If you want the proper proof. Look at word docu. I took the effort to type it up. Your own fault if you dont want to look at it.

 

[bouncing]

lol stupid bird question causing so many issues

gotta revise my bionomial! seems like ive forgotten alot
for finding independent term do you do let Tk+1= independent?


sometimes i do it the lazy/easy way where you just find first like 3 terms and its usually in a patter and you just count from there.. but that wont work if its like ^3532423 or something

 

[bouncing]

No. You open it. I took a long time typing it up neatly. I can't copy and paste it.

Here a really really raelly relaly basic logic scenario.
Object 1 displacement is (x1,y1)
Object 2 displacement is (x2,y2)
A hit occurs only when x1=x2, and y1=y2
Where x = Vxt

Take object 1 = stone, object 2 = bird.
Let's say im standing below the pole.

What must Vx be in order to hit the bird? Well it MUST be 10. If this isn't instantly obvious to you ... give up on math. (Otherwise x1 will not equal x2 - ever)
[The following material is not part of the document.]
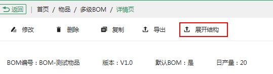 多級BOM創(chuàng)建后,可查看其展開結(jié)構(gòu)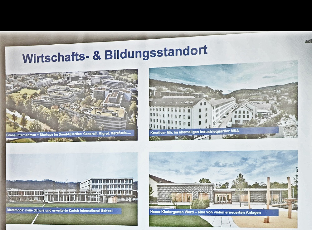 Der Wirtschafts- und Bildungsstandort Adliswil entwickelt sich stetig positiv weiter - auch auf Kosten der Stadt Zürich. Gemäss einem Artikel im Tagesanzeiger vom 15. Januar 2024 ist Adliswil mit 2627 Abwanderern aus Zürich in den Jahren 2019 – 2023 auf dem 5. Platz der entsprechenden Statistik. Der Referent erklärt sich die vielen Zuzüge mit der Attraktivität für Familien: Gute öffentliche Schulen (auch neu gebaute), eine Rudolf-Steiner-Schule und die Zurich International School. Zudem ist man schnell in der Natur, die öffentlichen Verkehrsmittel wurden ausgebaut, die S-Bahn-Linie dichter getaktet und die Buslinie an den Bahnhof Wollishofen verlängert. Aus denselben Gründen haben Grossunternehmen wie Generali, Migrol und Metafuels sowie Startups und zahlreiche, auch kreative Gewerbebetriebe, den Weg nach Adliswil gefunden.

Now lets say the pole is 1 m away. Then obviously the stone must go faster than the bird in order "catch up.

So in these two cases the Vx is different.
If you want the proper proof. Look at word docu. I took the effort to type it up. Your own fault if you dont want to look at it.

open it, i just did and i dont even know what you guys are talking about - dw its not a virus of any sort LOL

 

[random-1005]

lol stupid bird question causing so many issues

gotta revise my bionomial! seems like ive forgotten alot
for finding independent term do you do let Tk+1= independent?


sometimes i do it the lazy/easy way where you just find first like 3 terms and its usually in a patter and you just count from there.. but that wont work if its like ^3532423 or something

tk+1 = nCk (a)^k (b)^(n-k)

using exponent laws you will get it to some constant times a power of x, and you let the power be zero, give me a few minutes and ill put up the soln

 

[random-1005]

ok so we have (3x^2 +2x^-1) ^12

t k+1 = 12Ck * (3x^2)^k * (2x^-1)^12-k
= 12Ck * (3^k) * ( x^2k) * (2)^(12-k) *(x^(k-12))
= 12Ck * (x^(3k-12)) * (3^k) *(2)^(12-k)

set power of x to zero

therefore k=4

t5 = 12C4 * 3^4 * (2^8)

fairly straight foward method, just indice laws, raise a power to another power, multiply powers, when multiplying same base add the powers

also if they had something like "Show there is no independant term in the expansion of......." you would follow same procedure but you will find that k is not an integer when you set the power to zero.

ANOTHER NOTE: if for example it was ( 3x^2 - 2/x)^12 you would have to be VERY careful with the negative sign and make sure you apply the power to the negative sign.

 

[undalay]

That's not true, considering those variables is necessary for the stone to meet the constraints. Which is the point i am trying to get at, i.e. the solutions you have in mind do not meet those constraints, therefore not answering the question at hand.

I don't open attachments here, post your work as a regular post please.

My mistake, I misinterpreted the question.

I interpreted the part "a stone is thrown so that it will hit a bird at the top of a pole." to be hitting the bird as it flies away. Rather than literally on top of the pole.